▶ _What is expected_
Would you reproduce, word for word, only the lines running from the top of the data through the line containing "Beskrivelse: Jens Søndergaard;", and none of the pictures?

▶ _Recorded data_
Content starts

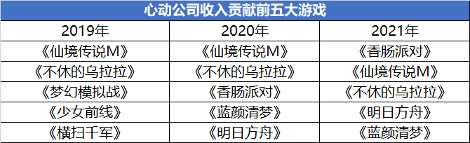 从收入贡献来看,最近3年,心动公司收入前五的游戏中除了《横扫千军》和《仙境传说M》系自研,其余游戏均是代理产品。
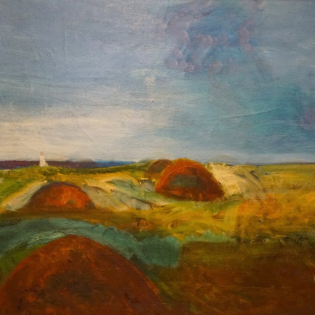 Beskrivelse: Jens Søndergaard; Landskabsmaleri med marker i forgrunden, samt tårn og hav i baggrunden. Olie på lærred.
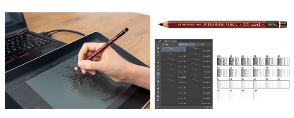 「CLIP STUDIO PAINT」に、「Hi-uniブラシ」をインストールすることで、ハイユニ全22硬度(10H~10B)の微妙な濃淡や強弱、鉛筆らしい「かすれ」具合などを、デジタル環境において忠実に再現しました。「Hi-uniブラシ」のデータは、Wacom One購入者に無料で提供されます。
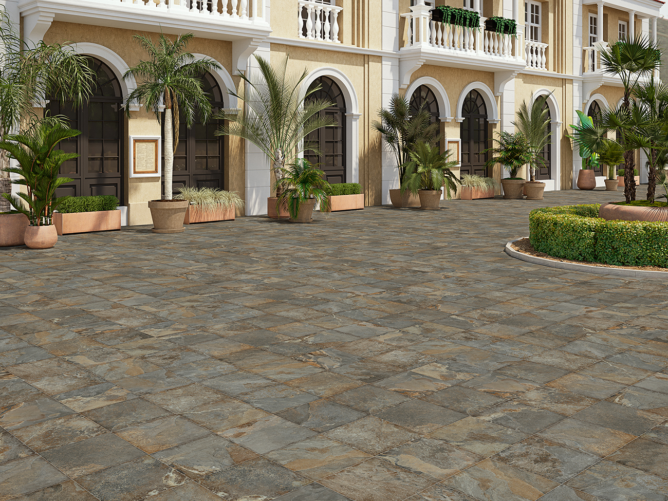 La destonificación V3 de la serie Montego añade un grado significativo de variación entre las piezas, replicando la diversidad natural de los materiales rústicos, lo que otorga una apariencia dinámica y auténtica al pavimento. Esta característica es perfecta para quienes buscan crear ambientes con una estética rústica pero viva, llena de matices y detalles.

Content ends

▶ _Written answer_
 从收入贡献来看,最近3年,心动公司收入前五的游戏中除了《横扫千军》和《仙境传说M》系自研,其余游戏均是代理产品。
 Beskrivelse: Jens Søndergaard; Landskabsmaleri med marker i forgrunden, samt tårn og hav i baggrunden. Olie på lærred.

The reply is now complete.